■ **WHAT TO WORK ON**: For the listing below, return the line containing "김연아와 이상화가 최우수선수상을, 박승희가", the line containing "Nu în ultimul", and all lines in between, exactly as written and nothing else.

■ **AVAILABLE RECORDS**:
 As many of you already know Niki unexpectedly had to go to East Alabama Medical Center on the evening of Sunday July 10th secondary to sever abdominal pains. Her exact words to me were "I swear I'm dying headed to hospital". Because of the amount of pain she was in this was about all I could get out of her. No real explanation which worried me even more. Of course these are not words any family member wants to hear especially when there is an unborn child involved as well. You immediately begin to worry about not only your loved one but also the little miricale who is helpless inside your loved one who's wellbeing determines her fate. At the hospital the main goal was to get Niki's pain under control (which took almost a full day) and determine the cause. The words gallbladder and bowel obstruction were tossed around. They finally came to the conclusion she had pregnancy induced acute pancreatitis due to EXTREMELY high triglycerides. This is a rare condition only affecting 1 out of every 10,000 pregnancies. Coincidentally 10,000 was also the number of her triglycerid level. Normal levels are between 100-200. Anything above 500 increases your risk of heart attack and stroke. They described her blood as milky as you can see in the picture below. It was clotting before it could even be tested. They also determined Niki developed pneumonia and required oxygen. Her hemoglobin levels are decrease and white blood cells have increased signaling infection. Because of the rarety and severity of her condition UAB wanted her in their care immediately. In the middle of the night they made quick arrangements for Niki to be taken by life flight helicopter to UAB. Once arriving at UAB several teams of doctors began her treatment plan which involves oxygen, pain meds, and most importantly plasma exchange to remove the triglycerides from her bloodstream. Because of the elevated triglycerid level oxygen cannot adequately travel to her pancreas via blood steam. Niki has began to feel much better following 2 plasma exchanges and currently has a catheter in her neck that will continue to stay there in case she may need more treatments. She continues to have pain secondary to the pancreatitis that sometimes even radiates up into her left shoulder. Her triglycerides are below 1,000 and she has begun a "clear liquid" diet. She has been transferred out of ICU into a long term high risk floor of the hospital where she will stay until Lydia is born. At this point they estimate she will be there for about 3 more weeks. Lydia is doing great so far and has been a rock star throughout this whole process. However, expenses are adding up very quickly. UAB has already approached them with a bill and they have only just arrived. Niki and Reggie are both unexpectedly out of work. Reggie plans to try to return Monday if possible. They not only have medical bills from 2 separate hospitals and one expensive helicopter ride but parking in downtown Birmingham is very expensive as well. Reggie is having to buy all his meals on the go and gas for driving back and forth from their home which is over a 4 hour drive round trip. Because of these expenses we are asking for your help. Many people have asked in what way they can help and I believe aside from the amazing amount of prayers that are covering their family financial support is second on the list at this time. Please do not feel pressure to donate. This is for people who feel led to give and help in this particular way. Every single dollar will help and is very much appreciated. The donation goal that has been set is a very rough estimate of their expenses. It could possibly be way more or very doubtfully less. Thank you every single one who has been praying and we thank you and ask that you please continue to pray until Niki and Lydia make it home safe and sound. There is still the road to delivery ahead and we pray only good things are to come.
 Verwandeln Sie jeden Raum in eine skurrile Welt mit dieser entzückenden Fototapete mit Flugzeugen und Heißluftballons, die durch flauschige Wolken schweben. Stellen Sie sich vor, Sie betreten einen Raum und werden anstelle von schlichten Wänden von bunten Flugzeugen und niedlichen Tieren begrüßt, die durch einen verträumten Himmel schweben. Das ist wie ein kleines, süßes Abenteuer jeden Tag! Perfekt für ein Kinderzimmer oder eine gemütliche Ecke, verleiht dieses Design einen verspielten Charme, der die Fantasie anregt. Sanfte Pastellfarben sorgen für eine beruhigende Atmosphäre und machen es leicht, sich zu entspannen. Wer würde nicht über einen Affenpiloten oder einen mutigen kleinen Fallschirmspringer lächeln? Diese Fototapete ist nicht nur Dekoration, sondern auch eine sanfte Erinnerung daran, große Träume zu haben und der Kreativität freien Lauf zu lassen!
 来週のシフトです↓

--

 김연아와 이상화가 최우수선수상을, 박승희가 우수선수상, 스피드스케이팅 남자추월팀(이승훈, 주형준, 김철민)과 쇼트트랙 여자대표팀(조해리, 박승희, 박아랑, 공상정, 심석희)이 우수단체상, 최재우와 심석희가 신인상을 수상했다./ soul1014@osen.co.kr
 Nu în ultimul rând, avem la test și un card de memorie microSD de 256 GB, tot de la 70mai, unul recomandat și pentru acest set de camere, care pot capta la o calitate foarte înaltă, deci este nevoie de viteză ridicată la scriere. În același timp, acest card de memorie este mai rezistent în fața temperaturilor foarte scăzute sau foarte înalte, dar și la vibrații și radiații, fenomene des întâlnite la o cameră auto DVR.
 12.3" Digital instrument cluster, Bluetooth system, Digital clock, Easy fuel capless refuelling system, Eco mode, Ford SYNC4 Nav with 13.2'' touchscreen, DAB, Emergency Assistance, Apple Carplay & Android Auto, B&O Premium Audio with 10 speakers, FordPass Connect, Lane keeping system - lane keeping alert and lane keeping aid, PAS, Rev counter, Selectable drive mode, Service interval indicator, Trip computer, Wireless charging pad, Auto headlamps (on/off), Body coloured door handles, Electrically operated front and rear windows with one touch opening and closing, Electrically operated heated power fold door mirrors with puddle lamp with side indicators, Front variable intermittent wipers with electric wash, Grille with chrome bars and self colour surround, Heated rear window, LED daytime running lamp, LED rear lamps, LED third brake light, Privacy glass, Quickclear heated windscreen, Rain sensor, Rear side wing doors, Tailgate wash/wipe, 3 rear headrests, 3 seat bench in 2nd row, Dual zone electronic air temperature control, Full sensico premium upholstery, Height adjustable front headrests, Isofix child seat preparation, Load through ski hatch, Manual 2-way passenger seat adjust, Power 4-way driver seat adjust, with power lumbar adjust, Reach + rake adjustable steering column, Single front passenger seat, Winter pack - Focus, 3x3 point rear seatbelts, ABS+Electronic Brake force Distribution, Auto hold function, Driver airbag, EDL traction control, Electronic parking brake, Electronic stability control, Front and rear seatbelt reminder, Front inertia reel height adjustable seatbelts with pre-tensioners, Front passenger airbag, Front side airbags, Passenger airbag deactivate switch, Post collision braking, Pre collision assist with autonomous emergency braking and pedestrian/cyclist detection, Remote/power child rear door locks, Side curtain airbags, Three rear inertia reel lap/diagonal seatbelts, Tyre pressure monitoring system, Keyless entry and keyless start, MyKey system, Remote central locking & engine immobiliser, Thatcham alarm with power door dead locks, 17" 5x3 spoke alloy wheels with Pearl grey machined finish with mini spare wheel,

==

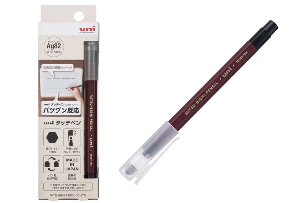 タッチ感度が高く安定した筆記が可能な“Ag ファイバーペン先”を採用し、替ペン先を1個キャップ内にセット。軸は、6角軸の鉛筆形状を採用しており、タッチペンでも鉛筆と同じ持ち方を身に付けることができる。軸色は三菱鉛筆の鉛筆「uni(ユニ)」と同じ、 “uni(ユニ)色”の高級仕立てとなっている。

■ **EXERCISE ANSWER**:
 김연아와 이상화가 최우수선수상을, 박승희가 우수선수상, 스피드스케이팅 남자추월팀(이승훈, 주형준, 김철민)과 쇼트트랙 여자대표팀(조해리, 박승희, 박아랑, 공상정, 심석희)이 우수단체상, 최재우와 심석희가 신인상을 수상했다./ soul1014@osen.co.kr
 Nu în ultimul rând, avem la test și un card de memorie microSD de 256 GB, tot de la 70mai, unul recomandat și pentru acest set de camere, care pot capta la o calitate foarte înaltă, deci este nevoie de viteză ridicată la scriere. În același timp, acest card de memorie este mai rezistent în fața temperaturilor foarte scăzute sau foarte înalte, dar și la vibrații și radiații, fenomene des întâlnite la o cameră auto DVR.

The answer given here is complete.